# Subwoofer Calibration help



## needspeed52 (Aug 2, 2008)

Guys, I will be getting my Triax soon, I have just a picked up a used laptop and Galaxy CM-140 SPL meter, I plan on downloading REW and getting a UMIK mic but until then I have to make do with what I have for calibrating the sub. I read that the test tones or pink noise from receiver is not very accurate or stable enough to use with the 140 and it is reco'd to use separate test tones to properly get my sub at least fairly calibrated until I get this REW thing worked out, I have to admit I am intimidated with using mics and software (REW). So I would appreciate any help to get my sub (Triax) up and running to as close to optimal as possible. I guess I've been spending too much time on some other forums stating that without proper measuring devices and software it is impossible to get good sound out of a sub and integrate it with the rest of my setup. Thanks for the time guys, looking forward to some of your expert advice :T
Cheers Jeff


----------



## tesseract (Aug 9, 2010)

Test tones and SPL meter will be very helpful, it's just a little tedious running one frequency at a time and plotting graphs by hand. REW sweeps will be quicker and REW has many additional tools to guide you.

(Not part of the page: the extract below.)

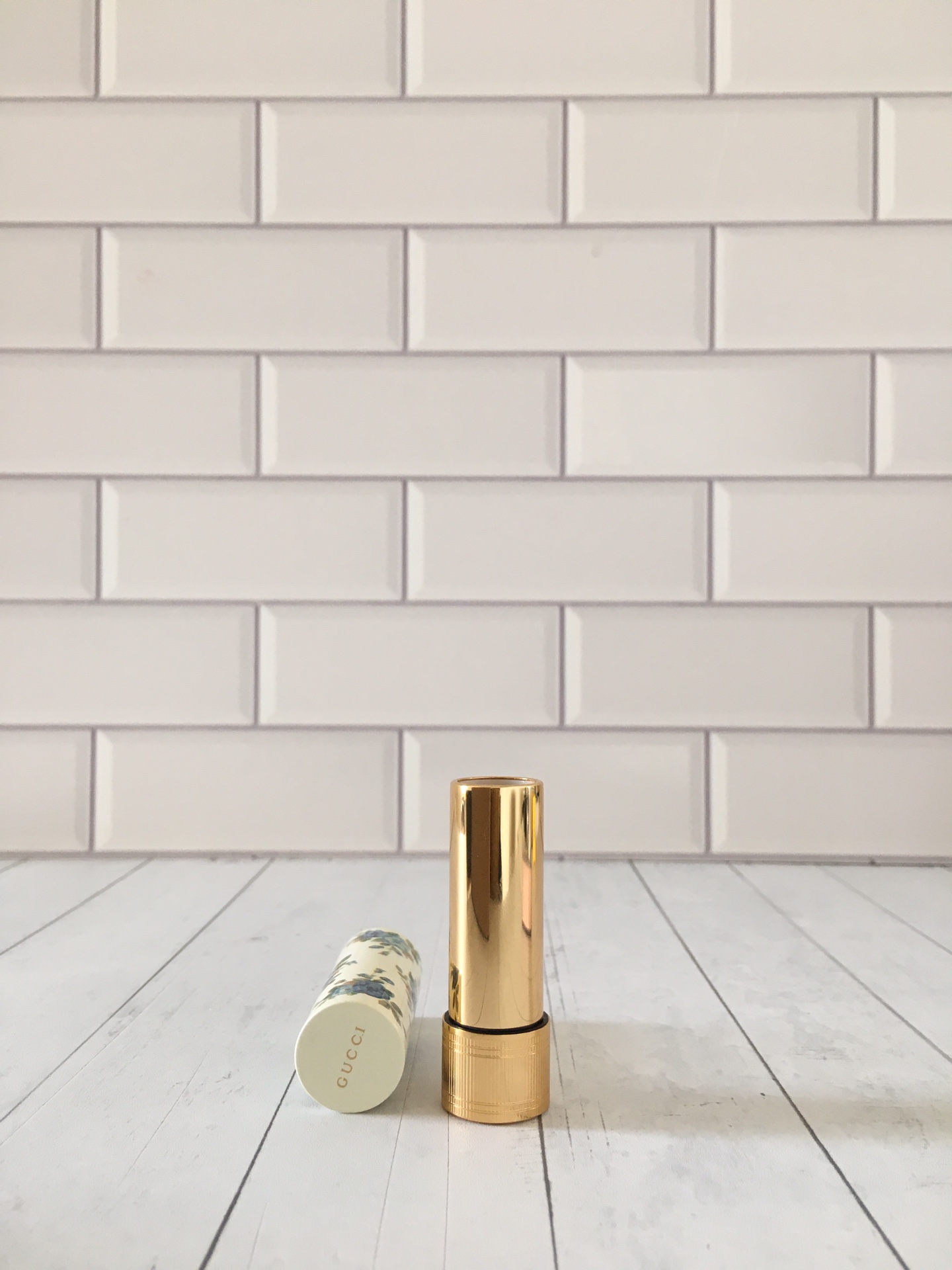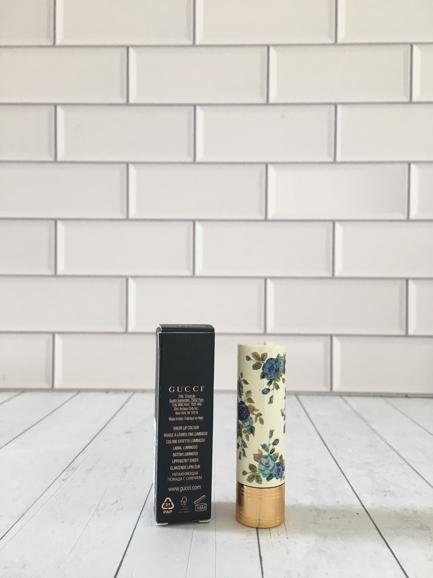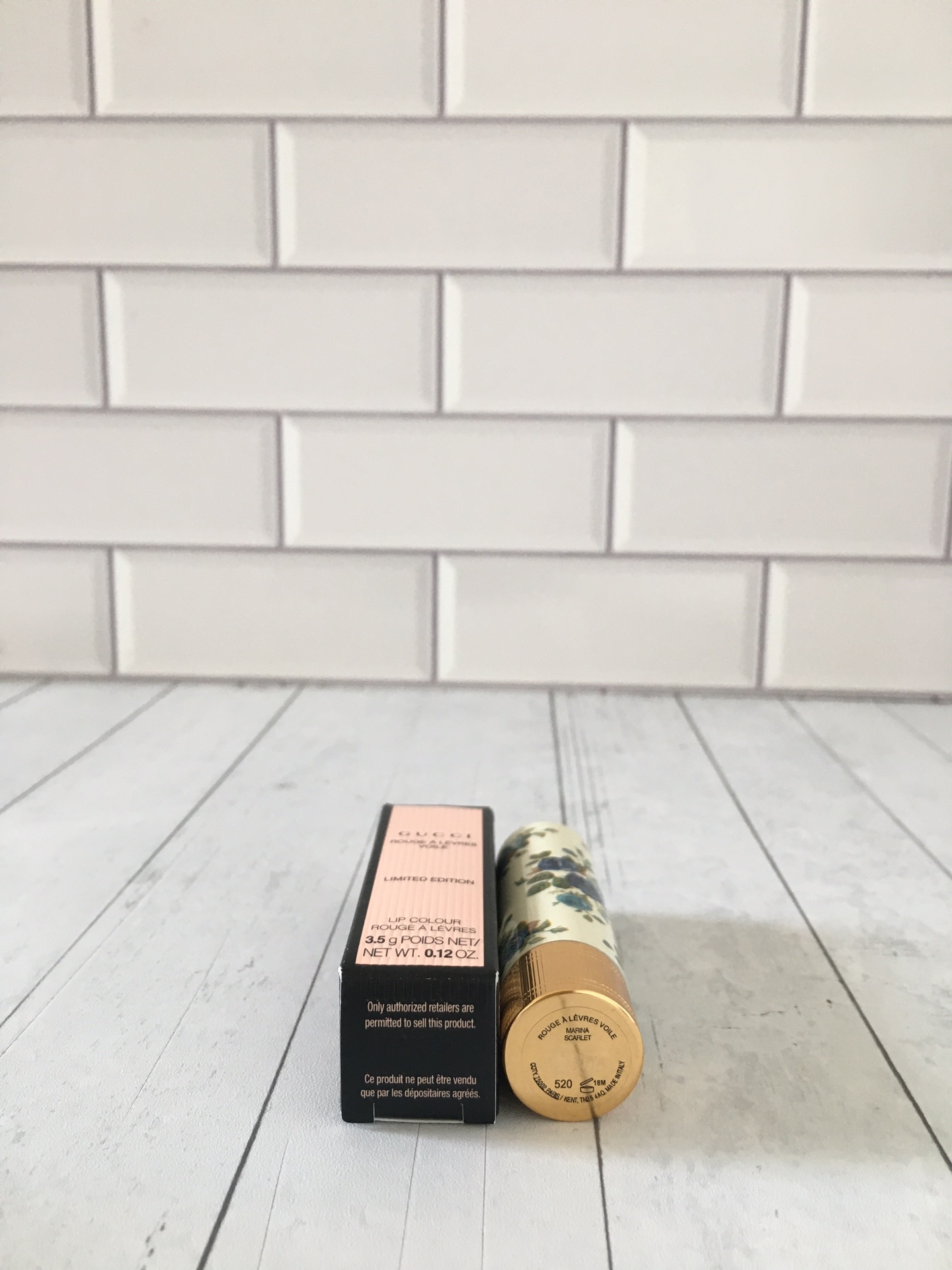 Indulge in Gucci's limited edition lipstick featuring a vintage blue floral design. Shade 520 offers a blend of red and brown for everyday wear.
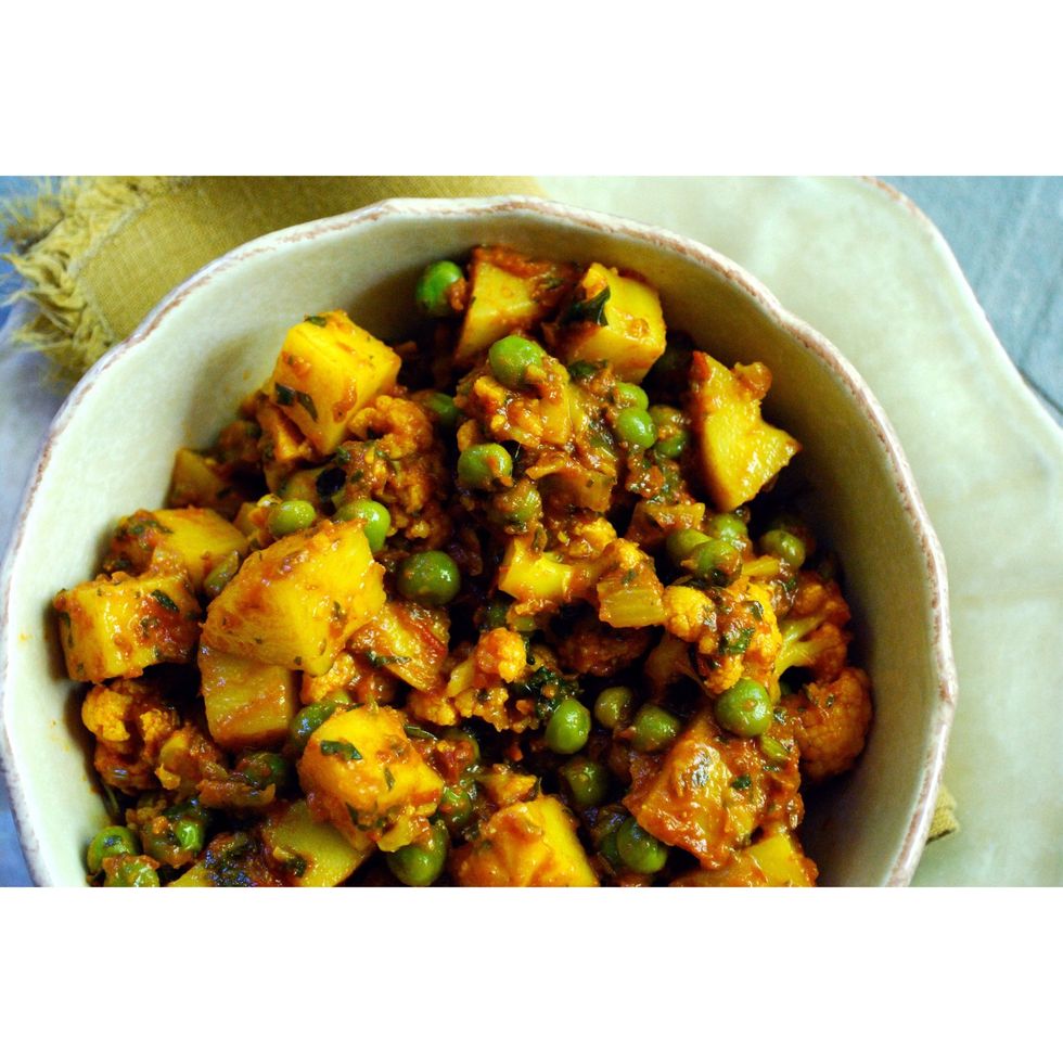 Gather all of your ingredients. Chop one head of cauliflower and 5-6 potatoes into bite-size pieces. Dice 1/2 an onion, 1 tomato, and a pinch of cilantro..then set aside.

Any specific questions so far, needspeed52?


----------



## needspeed52 (Aug 2, 2008)

tesseract said:


> Test tones and SPL meter will be very helpful, it's just a little tedious running one frequency at a time and plotting graphs by hand. REW sweeps will be quicker and REW has many additional tools to guide you.
> 
> Any specific questions so far, needspeed52?


None yet Tess, but there will be soon


----------